Traffic on Neches Street heading south will no longer be able to turn right onto 4th street and instead will have to turn around due to the large waiting plaza at the west end of the station. However, the Lance Armstrong Bikeway will continue along 4th street, paralleling the new station and ending at Trinity Street. Cars heading south on Red River Street will no longer be able to turn right onto 4th Street, and will only be able to continue straight along Red River Street, crossing the CapMetro Rail tracks as it does. There will be one one-way westbound traffic lane on the north side of 4th Street between the I-35 frontage road and Red River street, where it then will be forced to turn right or left onto Red River street. The block of 4th street between Trinity and Neches street will be a pedestrian plaza equipped with ticket kiosks, shade trees, and benches.

In 2019, CapMetro was forced to cut back the design of the new station due to a shortage of labor and tariffs imposed by the Trump administration that raised the price of steel.
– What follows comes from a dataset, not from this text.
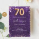Célébrez un 70ème anniversaire spécial avec cette magnifique invitation, parfait pour une soirée élégante. L'arrière - plan violet profond présente une belle texture inégale, accentuée par l'or rose et une touche dorée brillante. Le nom est écrit dans un script délicat et écrit à la main, ajoutant une touche personnalisée et sophistiquée. Customisez l'invitation en ajoutant le nom et tous les détails importants du parti. Ce design luxueux donne le ton d'une fête inoubliable.

The changes include shortening the northernmost track to allow it to hold only 1 train instead of 2, reducing the number of shade canopies from 7 to 5, temporarily removing ticketing kiosks, and removing some landscaping and decorative concrete from the pedestrian plaza. The stripped design will reduce the station's capacity from 6 trains to 4 trains, and only the middle of the 3 tracks will be long enough to hold a 2-unit consist. However, the station is designed to allow the northernmost track and platform to be easily extended to allow 2 one-unit trains or 1 two-unit train to sit in the platform, similar to the design of the middle track. This would allow the station to hold up to 5 trains.
The new downtown station will serve the existing Red Line and allow it to increase its frequency to 15 minute headways per direction, replacing the current minimum headway of 30 minutes. The new station will also eventually serve the Green Line, a proposed commuter rail line that will run from the downtown station to as far east as Elgin.

The permanent Downtown station opened on October 19, 2020, several months ahead of schedule and under budget.

With Project Connect, the Green Line will also terminate with the Red Line. The planned light rail will also stop at Downtown.